NAME

Crypt::Bear::AEAD - AEAD encoder baseclass BearSSL

VERSION

version 0.002

SYNOPSIS

$aead->reset($iv);
$aead->aad_inject($aad);
$aead->flip;
my $ciphertext = $aead->run($plaintext, 1);
my $tag = $aead->get_tag;

$aead->reset($iv);
$aead->aad_inject($aad);
$aead->flip;
my $decoded = $aead->run($ciphertext, 0);

DESCRIPTION

This is a base-class for Authenticated encryption with additional data, such as GCM, CCM and EAX. These are typtically used with a block cipher such as AES.

METHODS

reset($nonce)

Start a new AEAD computation. The nonce value is provided as parameter to this function.

aad_inject($data)

Inject some additional authenticated data. Additional data may be provided in several chunks of arbitrary length.

flip()

This method MUST be called after injecting all additional authenticated data, and before beginning to encrypt the plaintext (or decrypt the ciphertext).

run($data, $encrypt)

Process some plaintext to encrypt (if $encrypt is true)) or ciphertext to decrypt (if it is false), returning the result. Data may be provided in several chunks of arbitrary length.

get_tag()

Compute the authentication tag.
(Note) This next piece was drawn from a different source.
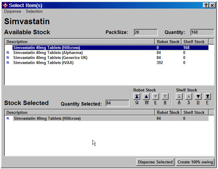 Handle the first option by simply moving the highlighted bar to the chosen item. Click the Dispense Selected button or press the key. The system reverts to the Dispensary tab allowing you to continue labelling.
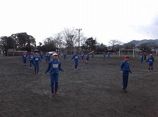 この冬一番の寒波がくるという天気予報が出ている訳ですが、そんな寒さを吹き飛ばす如く、ほどよくしめった校庭で、持久跳びと技能跳びの練習に励む5年生です。

All message data (encrypted or decrypted) must have been injected at that point. Also, this call may modify internal context elements, so it may be called only once for a given AEAD computation.

check_tag($tag)

An alternative to get_tag, meant to be used by the receiver: the authentication tag is internally recomputed, and compared with the one provided as parameter.

AUTHOR

Leon Timmermans <fawaka@gmail.com>

COPYRIGHT AND LICENSE

This software is copyright (c) 2024 by Leon Timmermans.

This is free software; you can redistribute it and/or modify it under the same terms as the Perl 5 programming language system itself.